5–4.5 h) It also eliminated rapidly through urine (∼90%) and faeces (∼20%) within 8–12 h.4 and 5 Therefore repeated administration of high doses are required to maintain effective plasma concentration and thus reducing patient compliance with side effects like see more abdominal discomfort, anorexia, nausea and diarrhea. Metformin HCl is highly water soluble drug therefore here the role of polymer is so
important to control it for maximum time in gastric environment. In present study we developed the metformin HCl loaded nanoparticles by non-aqueous solvent emulsion evaporation technique and characterized it. The challenge in our study was to enhance the encapsulation percentage of metformin in polymeric nanoparticles core and decrease initial burst release. This was achieved by total hydrophobic environment and examines the effect of different viscosity grade ethylcellulose
on drug loading and release profile. All nanoparticle formulations evaluated by particle size, zeta potential, drug content, product recovery, surface morphology, drug-polymer interaction, X-ray diffraction and in vitro dissolution study, etc. Metformin HCl was kindly gifted by Aarti Drugs Pvt. Ltd., Mumbai. ETHOCEL Standard 45 Premium Ethylcellulose (45 cP) (EC45) and ETHOCEL Standard 100 Premium Ethylcellulose (100 cP) (EC100) were gift sample by Colorcorn Asia Pvt. Ltd., Goa. Ethylcellulose (300 cP) Metformin chemical structure (EC300) procured from Sigma–Aldrich, USA. In all polymers ethoxyl content was 48–49.5%. Methanol and SPAN 80 were purchased from Merck, Mumbai and Ozone International, Mumbai respectively.

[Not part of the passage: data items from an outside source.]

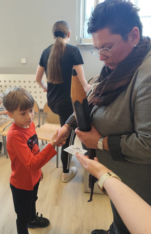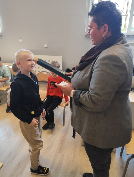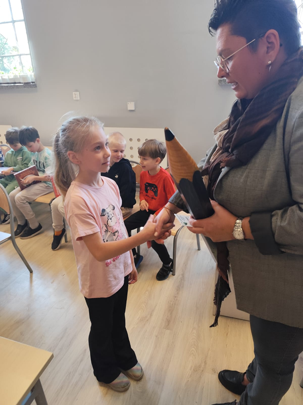 Następnie przyszedł czas na najważniejszy moment – uroczyste pasowanie na czytelnika, którego dokonała pani dyrektor Karolina Pasieczna-Szpulecka, dotykając ramię każdego ucznia symbolicznym ołówkiem. Wszyscy nowi czytelnicy otrzymali karty biblioteczne, a także wyprawkę czytelniczą: pięknie ilustrowane książki oraz kolorowe zakładki – własność, która z pewnością zachęci do częstych wizyt w bibliotece.
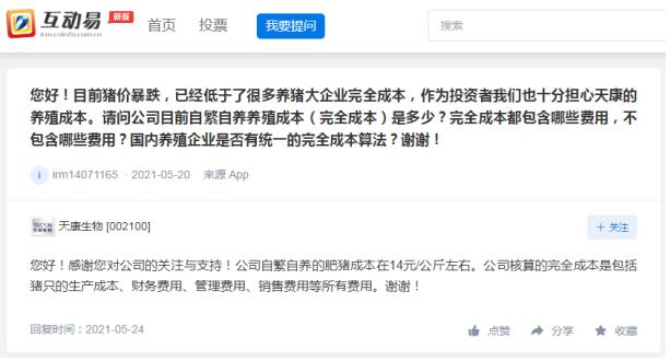天康生物近日在回復(fù)投資者提問時(shí)表示,公司自繁自養(yǎng)的肥豬成本在14元/公斤左右。公司核算的完全成本是包括豬只的生產(chǎn)成本、財(cái)務(wù)費(fèi)用、管理費(fèi)用、銷售費(fèi)用等所有費(fèi)用。
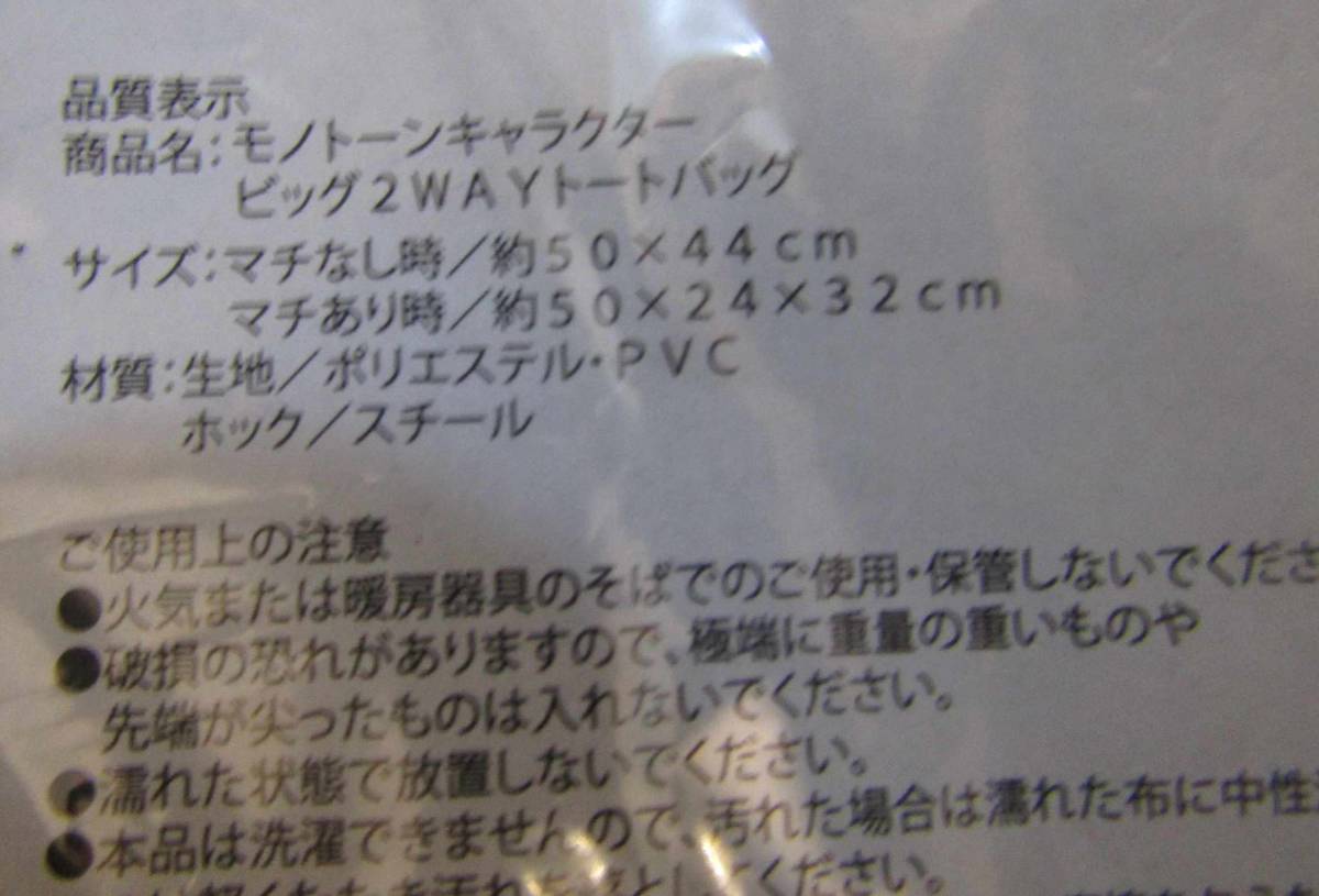 商品名:モノトーンキャラクター ビッグ2WAYトートバッグ
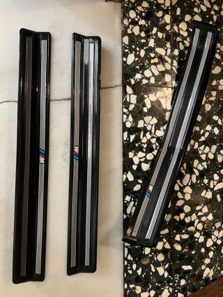 Embellecedores de puerta para BMW E46 con distintivo M. - Diseño deportivo en negro con detalles plateados. - Incluye tres piezas. - Dispone de unidades de puertas delantera y solo trasera izquierda -Son piezas totalmente originales
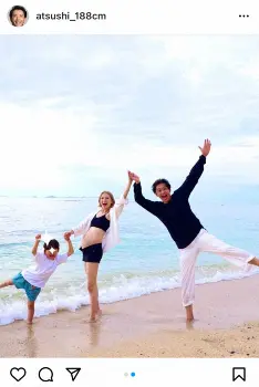 敦士、エモい! 5年前にマタニティフォト撮った場所で、長男と3人で訪れ幸せショット「次回は4人で」

Liquid Paraffin Light procured from Himedia Lab Pvt. Ltd. Mumbai. Dissolution medium was prepared by using triple distilled water filtered with 0.22 μ membrane filter. Nanoparticles were prepared by oil in oil (O/O) solvent evaporation technique.6 Metformin HCl and ethylcellulose polymers (EC45/EC100/EC300) were dissolved in methanol at 1:3, 1:6 and 1:9 ratios by magnetic lab stirrer (Remi, India). After complete soluble in methanol, organic phase was added drop by drop in Liquid Paraffin Light containing 0.4% v/v Span 80. During this addition Sodium butyrate emulsion was stirred by high speed homogenizer (Omni GLH homogenizer) at 25,000 rpm. The temperature of external phase was maintained. Then solution was stirred for 2 h to allow complete evaporation of solvent. After removal of solvent nanoparticles were separated from oil by centrifugation (R243A, Remi) at 18,000 rpm for 30 min. The separated nanoparticles were repeatedly washed with n-hexane until free from oil. The collected nanoparticles were dried at room temperature and subsequently stored in desiccator for 24 h. Viscosities of internal phases at different ratios of all polymers were measured by Brookfield rotational digital viscometer DVLV II at 25 °C. The obtained nanoparticles were suspended in distilled water and sonicate before analysis for 10 s. Particle size determined at 25 °C by using Nano series Malvern Instruments, UK.